Stored items:
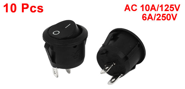 10 Pcs Snap In 2 Terminals SPST ON-OFF Round Rocker Switch AC 10A/125V 6A/250V
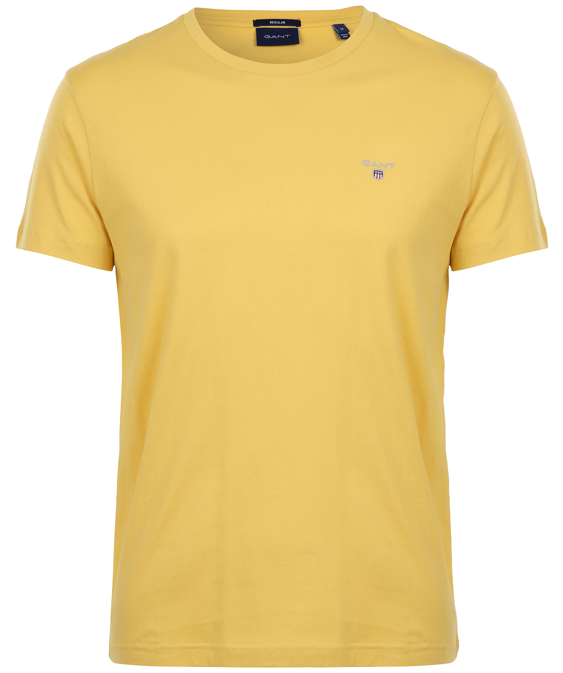 Gul t-shirt med rundad halsringning från Gant. Broderad liten logotyp på bröstet. Tillverkad i 100% bomull.
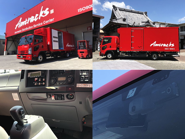 業務の拡大に伴い、関係先各社のご協力のもと、5月9日に4トン車(ISUZU車)を2台増車いたしました。5月10日より運行を開始しております。前回に引き続き、今回導入した新しい車両もドライバーの負担を軽減するAT車で、衝突の危機を回避するためのセンサーを搭載したセーフティートラックです。
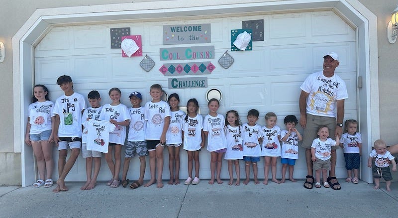 I love my family. Each year my wife organizes a Cousins Camp. It’s a week-long event. Most of our grandchildren are able to come. This picture is of July of 2024, we had 16 present and one who couldn’t make it. The theme was the Cool Cousins Cooking Challenge and my wife helped each of our grandchildren, individually, make their chosen recipe. I spent my time outside with the grandchildren playing in the water, reading books, and just having fun.
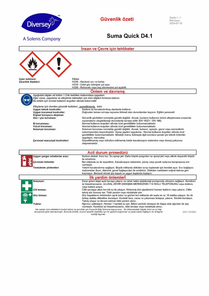 Ürün sipariş sayfasına geri dön DORİN STORE dorin.tr'ye geri dön Diversey Suma Quick D4.1 Alkol Bazlı Yüzey Temizleyici MSDS Güvenlik Bilgi Formu ve Güvenlik Özeti Stok Kodu: 7508252 Güvenlik Özeti Ürün sipariş sayfasına geri dön
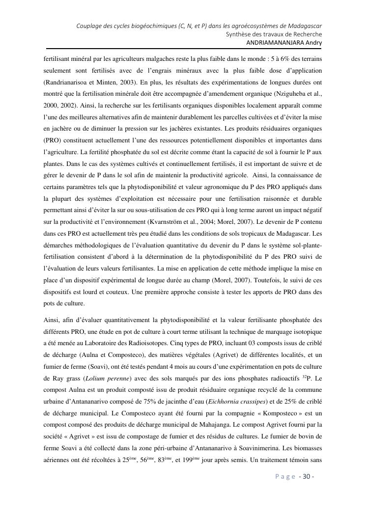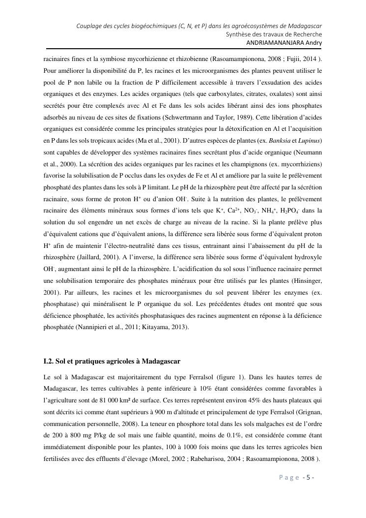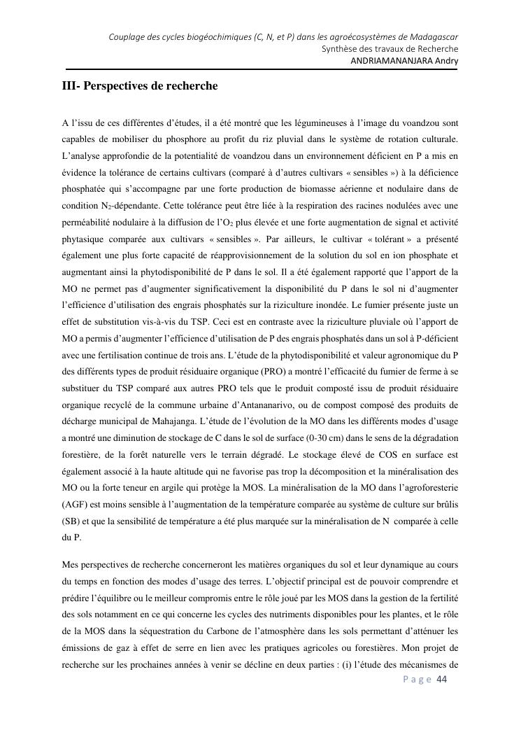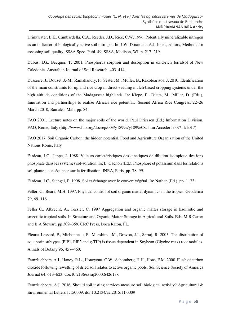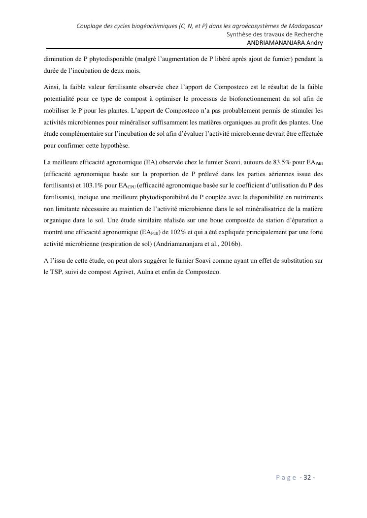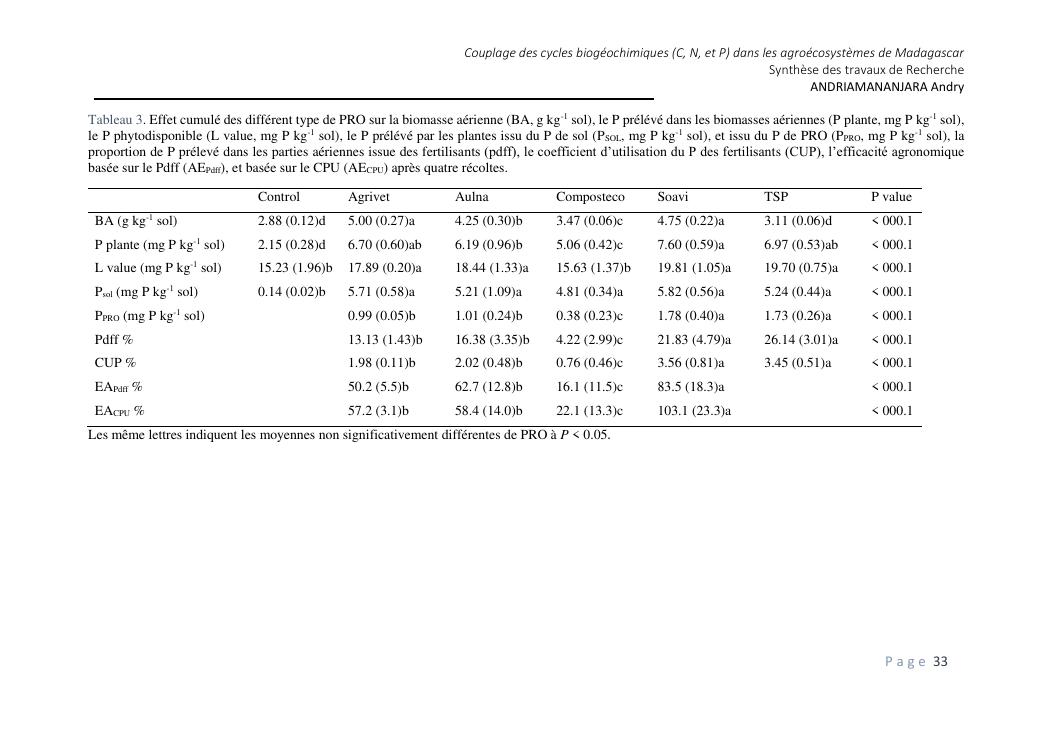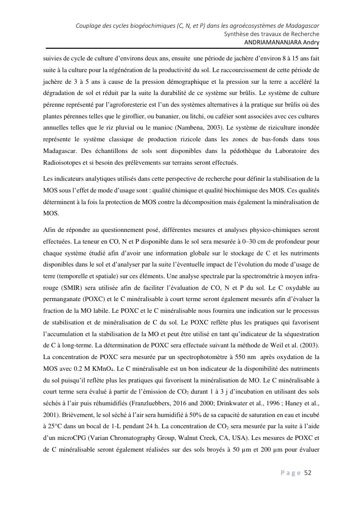 couplage des cycles biogeochimiques (carbone, azote et phosphore) dans les agroecosystemes de madagascar. document 1 : synthèses des résultats des travaux de recherches
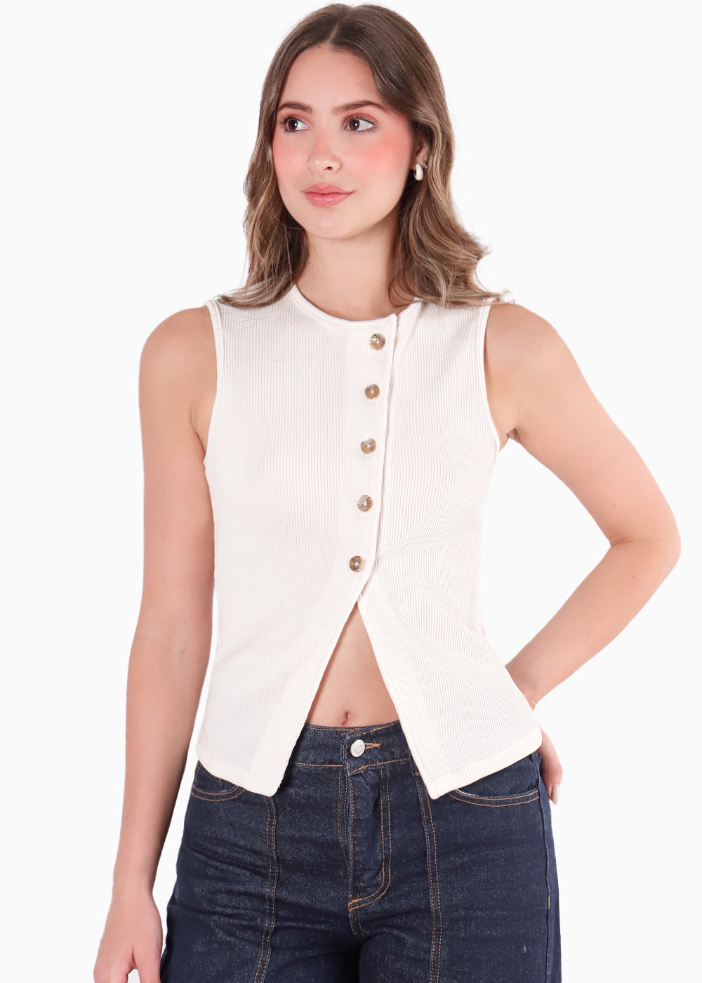 - Chaleco color marfil con perilla cruzada y botones dorados
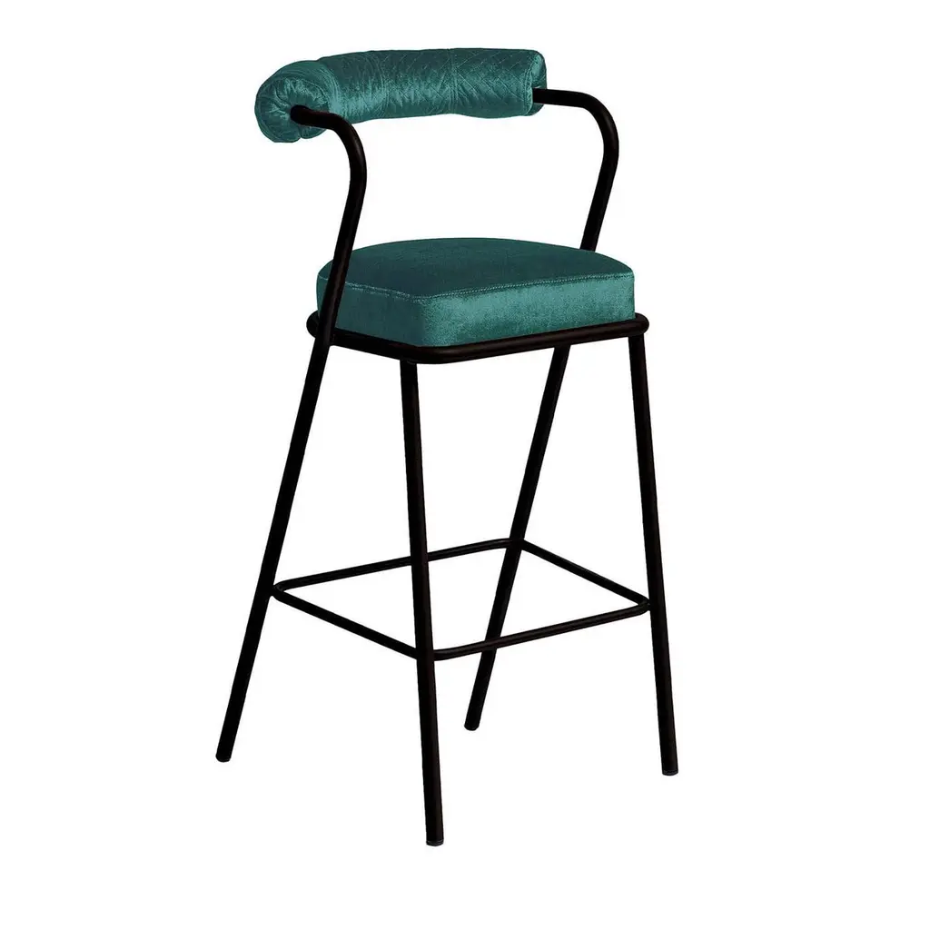 The Baba bar stool, designed by Serena Confalonieri, blends refined aesthetics with everyday functionality, making it a sophisticated addition to any bar or high table setting. With a seat height of 75 cm, its black lacquered steel frame provides sturdy support while maintaining a sleek, modern appeal. Designed for comfort, the barstool features a plush seat cushion and a contoured backrest, both crafted from high-density polyurethane foam. Upholstered in luxurious petrol blue velvet, it brings warmth and vibrancy to any interior. The distinctive quilted roller backrest adds texture and visual depth, elevating the design beyond mere functionality. Striking a perfect balance between elegance and practicality, the Baba bar stool seamlessly complements contemporary spaces. It is also available with a seat height of 63 cm. Please contact the Concierge for more information.
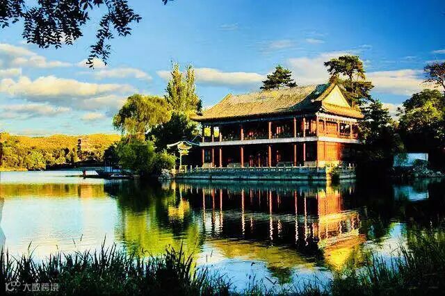 这座清代皇帝的私家花园面积甚广,这里有杭州西湖的苏白二堤、江苏的金山寺、杭州的六合塔、著名的河流-热河。
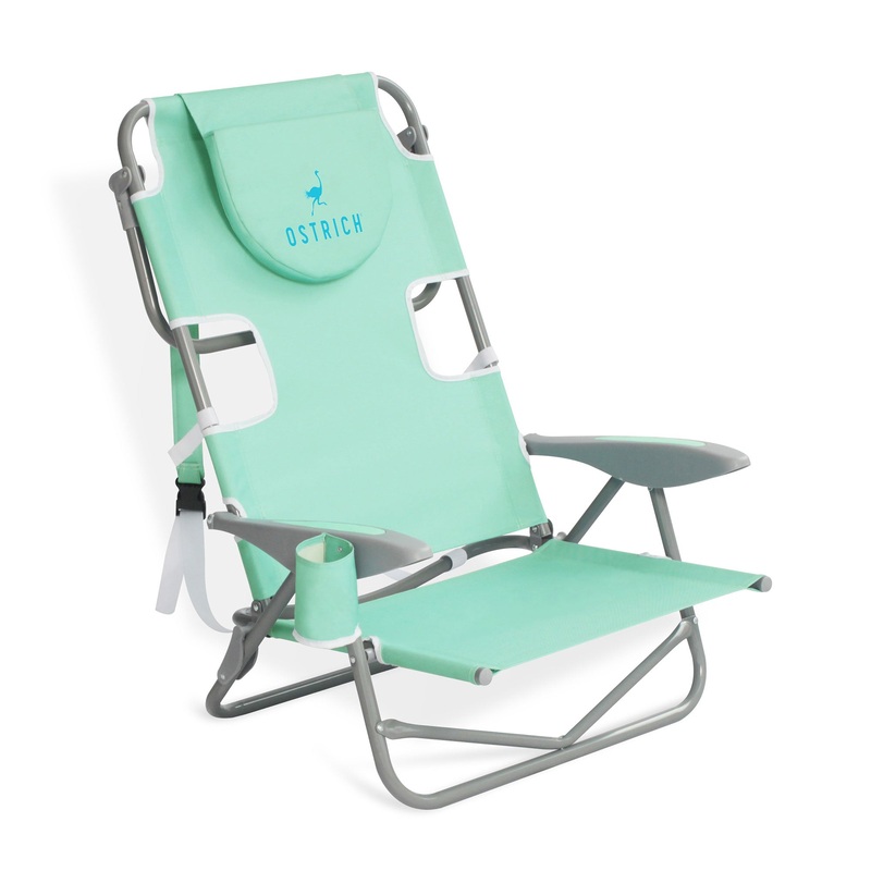 - Reclining beach chair is constructed with a lightweight aluminum frame that supports up to 325 pounds
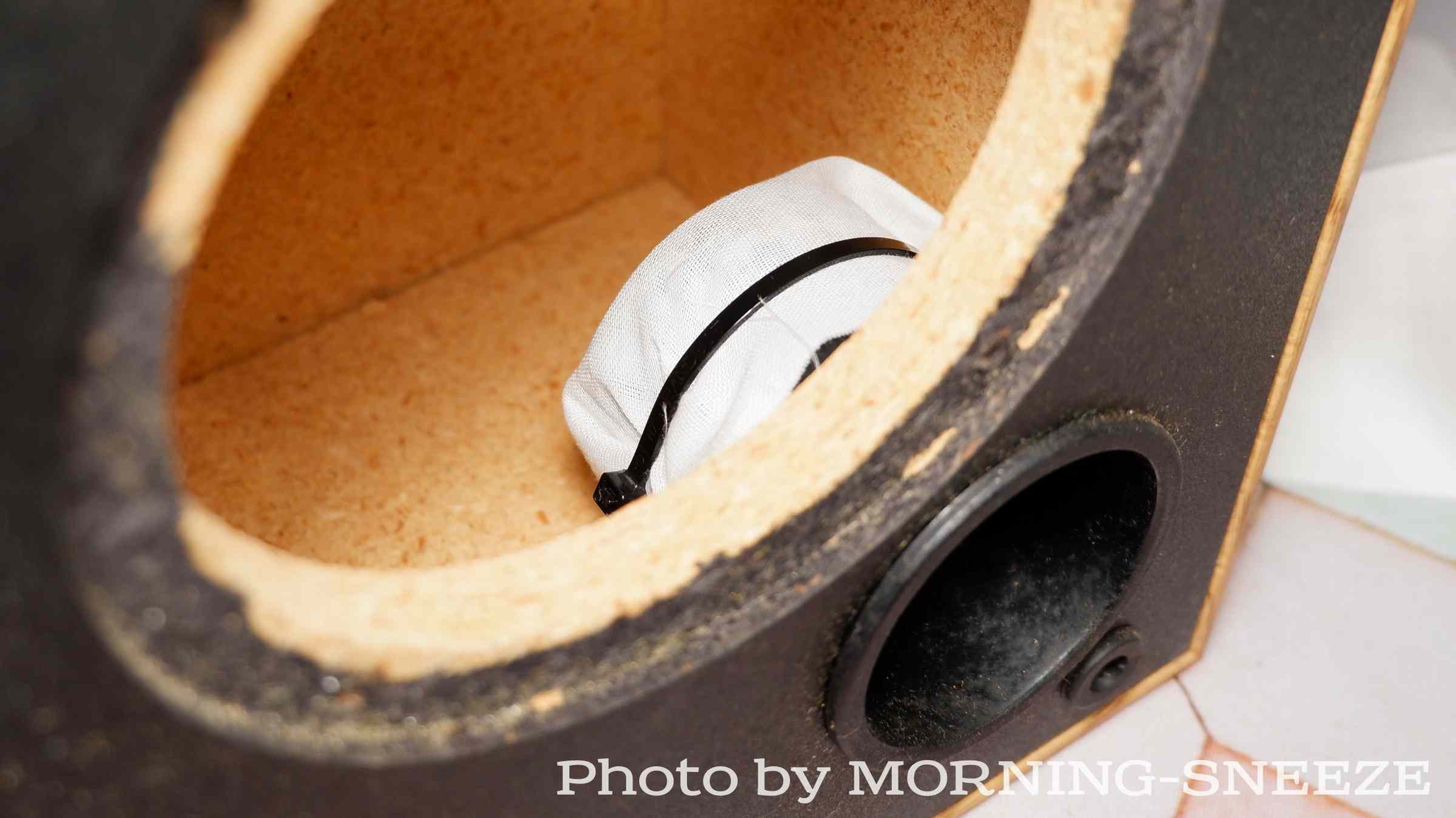 フロントバスレフのダクト内に、埃のように細かくなったグラスウールが付着しているのが気になった。空気の流れで内部から少しずつ吐き出してくるようなので、対策を施す。
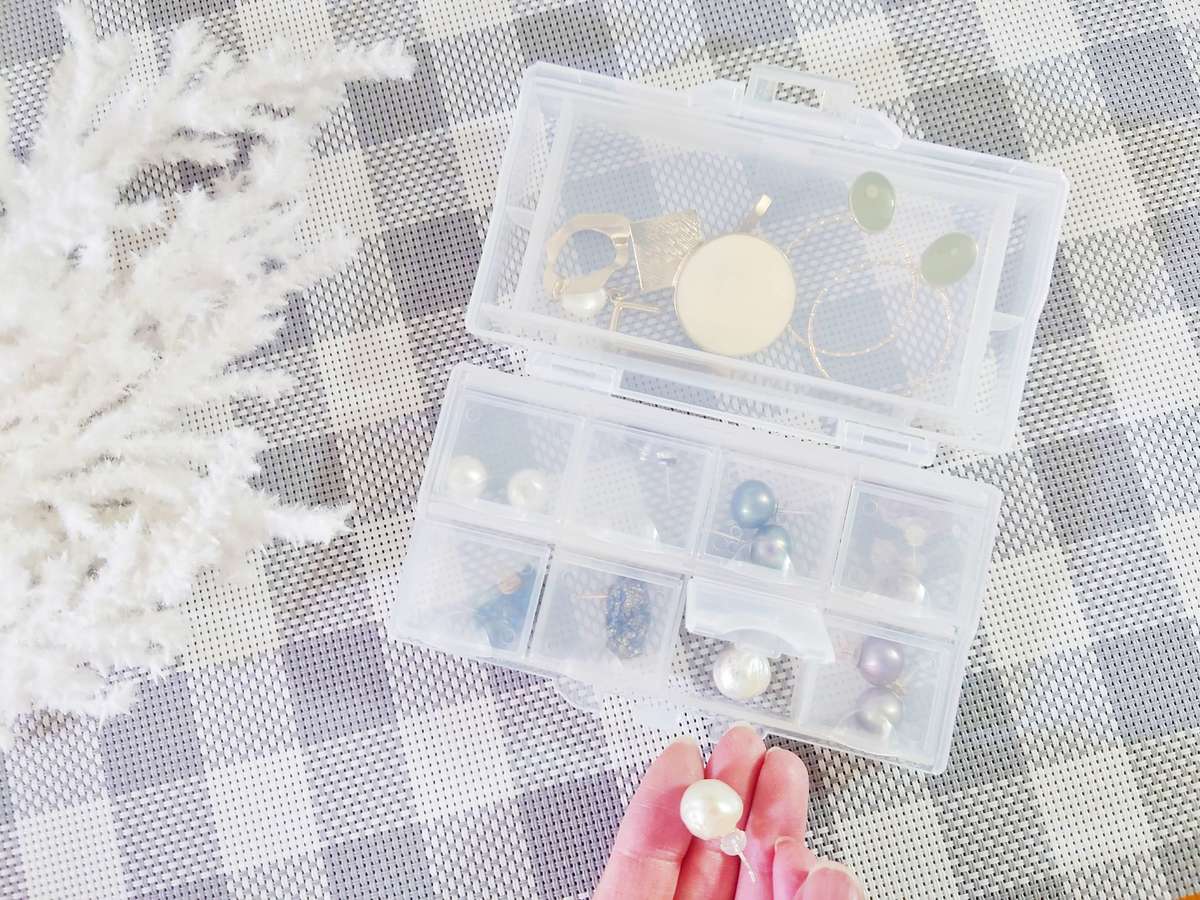 小さいジッパー袋などで管理しがちなパーツ類ですが、取り出す時に不便なんですよね。ピルケースなら、小分けにできて一目瞭然!見やすいだけでなく、取り出しやすくてイイ感じです!

■ **Task statement**:
From the line containing "- Reclining beach" through the end of the entries, quote each line exactly and nothing else, excluding all pictures.

■ **Task output**:
 - Reclining beach chair is constructed with a lightweight aluminum frame that supports up to 325 pounds
 フロントバスレフのダクト内に、埃のように細かくなったグラスウールが付着しているのが気になった。空気の流れで内部から少しずつ吐き出してくるようなので、対策を施す。
 小さいジッパー袋などで管理しがちなパーツ類ですが、取り出す時に不便なんですよね。ピルケースなら、小分けにできて一目瞭然!見やすいだけでなく、取り出しやすくてイイ感じです!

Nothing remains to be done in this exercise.